プロローグ その2

 その部屋は地下にあった。

 女は術の発動は出来ても、まだ足取りはおぼつかない。

 外に出るには階段を上る必要がある。

 男は下半身の馬の背に女を乗せ、二人は何とか地上に出ることに成功した。


 だが一難去ってまた一難。

 いや、一難どころではない。


 その建物の地上の階層はすべて倒壊していた。

 この二人や、ここに出入りした者達なら誰の目にも入っていた、研究所の名前が書かれていた看板も木っ端みじん。

 しかし破壊されていたのはその建物ばかりではない。

 その地域一帯どころではない。

 目に入るすべての建築物が破壊されていた。

 のは、その男の想像をはるかに超え、その被害ははるか遠くの範囲にまで及ぶ。

 そしておびただしい死体の数。

 この研究所に勤務していた者達ばかりではなく、辺りの住民達もみな息絶えていた。

 地上の空気に漂う血の臭いが二人の鼻を突いた。


 天災地変によるものではない。

 最低でも高さ五メートルは超える金属製の物体が五つ、その付近に存在していた。


「……やっぱり壊魔の仕業か」

「……私……」

「止めとけ。今は逃げる一手だ」


 忌まわしく思われている青い肌を持つ混族は、それでもこの世界の文明社会の中で生きることができた。

 理由は、一般の魔族とは格段に違う強さを持つこの壊魔を討伐する能力を持っていたため。

 どんなに文明が発達しても、壊魔には太刀打ちできないままだった。

 混族達は逆に、壊魔を斃すことができることで、この世界の文明文化の中で生活できるものと思うようになった。


 彼女は既に意識ははっきりしている。

 しかしそれと同時に全身に痛みを感じ始め、それは体に自由を与えなかった。

 無理やり眠らされていたのは、全身に何かの手術を受けさせられたため。

 それは思い出せたものの、体のどこをどう手を加えられたのかは思い当たらない。


 壊魔を斃した経験なら、彼女にもあった。

 その壊魔らに今現在、町だけではなく、国まで蹂躙されている。

 だからこそ本能的に立ち向かおうとしたのだが、体が言うことを聞いてくれない。

 傍から見ていたこの男にも、それは十分に理解できた。

 しかし壊魔に対する混族の力も決して万能ではない。

 その姿は、顔や関節のない物体なのである。

 壊魔の力や性質を知らないままでは、楽に勝てる相手ではない。


「破壊しつくしたって感じだ。このまま静かにこの場から去れば、今は何とか生き残ることができるはず。すべては体調が戻ってからだ」


 それにしても、と男は視線を壊魔に移した。


 一つは巨大なばねのような形。

 一つは、巨大な座椅子に見える。

 一つは風車の、回転する羽根。

 一つは巨大な独楽。

 一つは簡易な構造のラッパ。


 この五体は、いきなり跳ね上がったり転がったりして、周囲をさらに破壊しながら移動していく。
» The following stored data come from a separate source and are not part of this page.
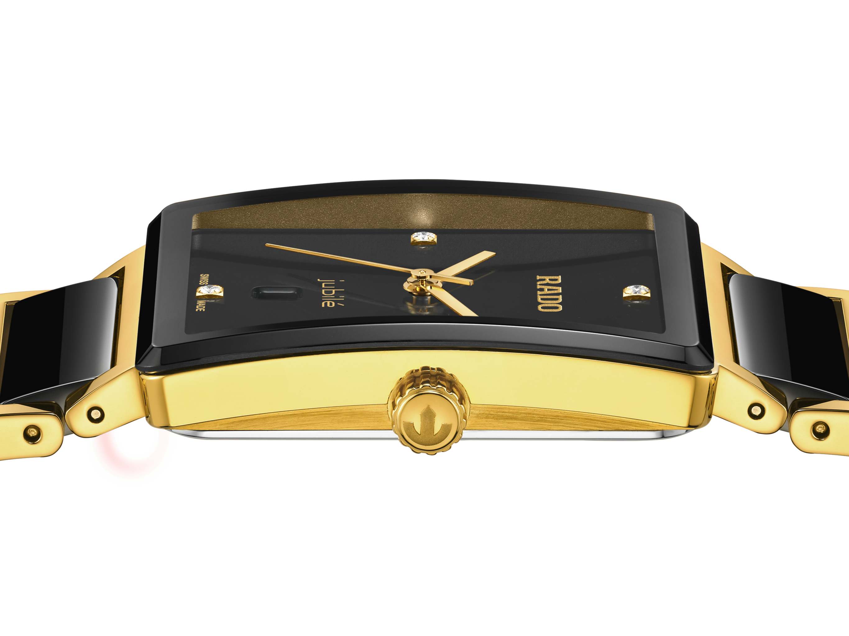 您对生活美学的追求在每个细节中流露。您热爱舒适性、精致设计与暖金色调的奢华感。您对Rado瑞士雷达表Integral精密陶瓷系列的选择说明一切。 标志性方形精钢表壳覆以抛光暖金色表层,搭载无边框斜面蓝宝石玻璃表镜,经防眩目处理与黑色金属镀层修饰。暖金色指针滑过漆面黑色表盘与标志性的4颗钻石。内置机芯确保卓越走时性能:Rado R218机芯镶嵌8颗宝石,精准度符合瑞士认证天文台表标准。此Rado瑞士雷达表标志性作品的典雅设计,将微锥形表链上的高科技陶瓷中间链节舒适感,并与蓝宝石玻璃表镜相融。锦上添花:表镜弧度与腕部柔美曲线精准契合,这无疑彰显了您非凡品味与对优雅的热爱。
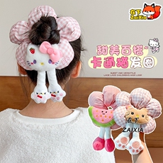 卡通小猫屁屁儿童大肠发圈女童花朵头饰2025新款丸子头充棉扎发绳
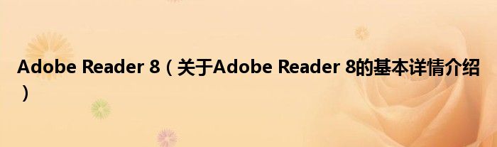 本文关于Adobe Reader 8的基本详情介绍就讲解完毕,希望对大家有所帮助。

 その仕組みや体の構造がどうなっているのか全く不明のまま。

 そしてこれらを攻撃しようにも有効打をすぐには見つけられない現状では、男の言う通り退くしかない。

 それに壊魔も辺りを破壊尽くしたことを知れば、他の文明社会の地に向かうため、ここを離れることになる。


 壊魔五体すべて内陸の方向に移動し始めた。

 蛇行一つせずに真っすぐに向かう五体は、その場から逃げようとする二人には全く気付いてない様子。
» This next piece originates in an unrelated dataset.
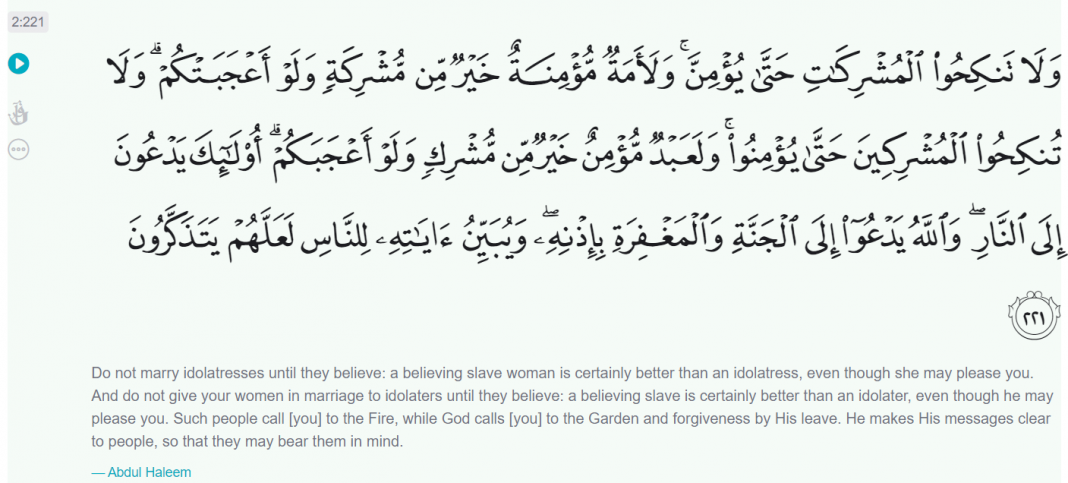 Here, it is advised that a slave who is a Muslim can be married but any non-believer cannot be married until one converts to Islam. “Do not marry idolatresses until they believe: a believing slave woman is certainly better than an idolatress, even though she may please you. And do not give your women in marriage to idolaters until they believe: a believing slave is certainly better than an idolater, even though he may please you.” reads the verse.

「……逆方向は確か海岸よね? 多分壊魔達はそこには行くことがないはず。とりあえず、そこに生活拠点を作るしかないわね。彼らへの反撃はそれから。けど……」

「あ……あぁ。あー……っと、その前に、俺はレックスってんだ。お前がさっき言ってた彼ってのは、ひょっとしてヒーゴって名前じゃねぇか? ヒーゴ=カナックっつってたっけ? 確か人族だったな」

「え? よく知ってるわね。えぇ、そうよ。私、あの子を探してたんだけど……。あの錬金術研究所があの有様じゃ……。あ……私はセイル=パーナー」

「……いや。……あいつは、多分……」


 ヒーゴという男を案じ、焦りを感じ始めるセイル。

 レックスはその男の消息を知っているようだったが、その人物の話をすることにためらいを感じていた。


 斯くして、この世界に存在する七大陸の一つ、ウールウォーズ大陸は、そこに存在する大自然を残したまま、人々が築き上げた国々とその文明すべてが壊滅した。